SERIGNAN - Poème d'Armand de Caunes : L'heure du berger
L’HEURE DU BERGERArmand de Caunes, fondateur du domaine viticole des Orpellières, était aussi poète.…

L’HEURE DU BERGER
Armand de Caunes, fondateur du domaine viticole des Orpellières, était aussi poète. Il a su “croquer” l’âme et l’ambiance si particulières du lieu à la tombée de la nuit. Ce poème est une ode à la nature et à sa beauté brutes qui ne laissent personne indifférent.
Les Orpellières, 15 août 1888
“Mon cher ami,
Vous me demandez ce que je fais à la campagne ?
Écoutez, profane, qui jamais n’avez su comprendre le bonheur de cette existence : votre horizon se limite au ruban bleu mal découpé, le jour, par les toitures irrégulières des maisons ; la nuit, les becs de gaz sont pour vous les étoiles de première grandeur.
Être citadin n’empêche pourtant pas d’être artiste ! – Avez-vous vu des peintures de Corot ?…
Il n’est pas encore jour ; la tiédeur d’une nuit sans sommeil m’attire vers la plage ; le silence absolu qui plane sur le reste de la nature n’est ici troublé que par le bruit monotone des flots expirant sur un sable fin. La silhouette des dunes se découpe au couchant malgré l’obscurité. Peu à peu, les étoiles s’effacent, un murmure s’élève en progressant du côté de la terre : un duvet blanc couronne les vagues, à l’horizon qui s’éclaire de plus en plus.
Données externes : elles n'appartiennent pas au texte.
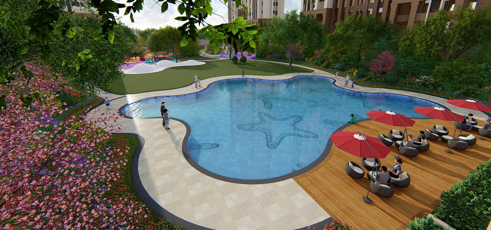 將海星形態衍化成兒童主題戲水池,池底海星馬賽克鋪裝為兒童講述海星在海洋中茁壯成長的趣味旅程。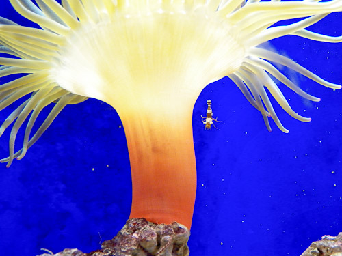 Anêmona-do-mar e Peixe-palhaço, ou peixe-das-anêmonas é o nome vulgar das espécies da subfamília Amphiprioninae na família Pomacentridae. Existem cerca de 27 espécies, uma das quais pertence ao gênero Premnas, pertencendo os outros ao gênero tipo Amphiprion. Deve o seu nome à forma desalinhada como nada. A anatomia interna das anêmonas-do-mar é muito simples: são pequenos sacos, presos ao substrato marinho por um pé adesivo, com uma coluna levando a um disco oral. O peixe-palhaço produz um muco protetor que impede que as “células urticantes”, os nematocistos, penetrem; ao se esfregar lentamente nos tentáculos de uma anêmona, o muco desta passa a combinar-se com o seu; assim a anêmona não o reconhece como uma presa e o peixe se protege de seus predadores.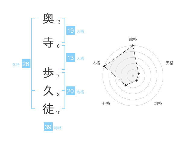 奥寺 歩久徒さんの総格は39画の5点!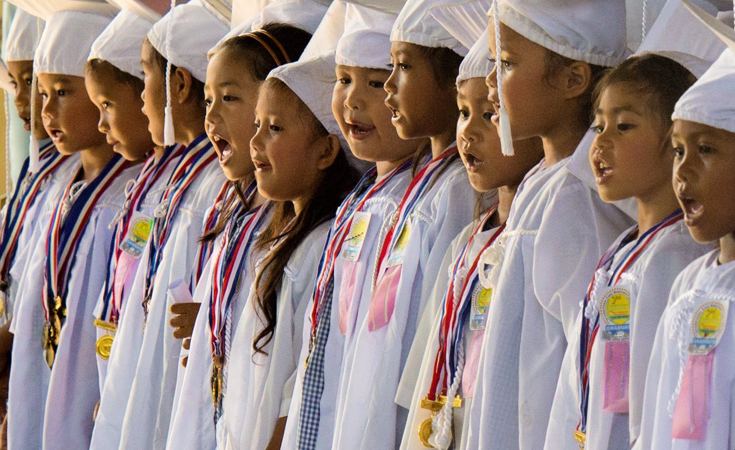 The graduations, held across seven provinces, were held in formal auditoriums. Dressed in traditional graduation robes, the children sat together, with proud, beaming parents several rows behind. Throughout the ceremony, the children displayed the knowledge they had gained over the past year with songs and recitations. Awards were given to students who had achieved excellence in various subjects.
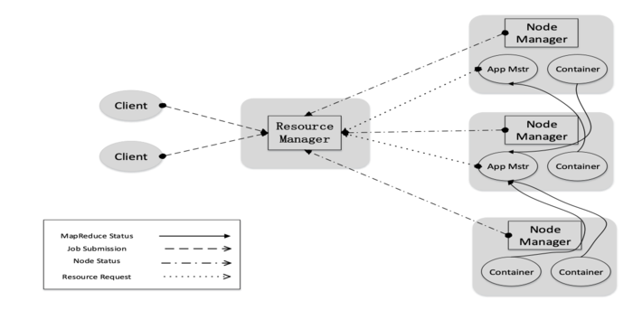 在集群部署方面,YARN的各个组件是和Hadoop集群中的其他组件进行统一部署的。

Les objets autour de moi revêtent des formes régulières, les arbustes empruntent à l’aurore naissante une partie de sa couleur. J’ai hâte de gagner une dune élevée : de là, sans cesser d’entendre le bruissement des vagues je percevrai le gazouillement des oiseaux dans les branches des pins, le bourdonnement des insectes à mes pieds. Au ciel, faiblit l’éclat des étoiles, un voile blanc s’élève et s’étend : sur ce fond uni, une forme svelte et gracieuse, tendant la main vers un point que mes regards ont suivi, semble indiquer un brillant dont les feux vont s’éteindre : cette forme est celle d’une jeune femme qui entourent immobiles encore quelques brebis.
Réveil de la nature dans cette paix profonde, n’êtes-vous pas délicieux ! mon cœur bat plus fort et mon esprit s’enivre… Cette heure, où le soleil attend la chute d’une étoile pour apporter ses caresses à la nature, son amante à peine éveillée : cette heure où je partage avec tout ce qui m’entoure, le bonheur de vivre… c’est l’heure du berger”.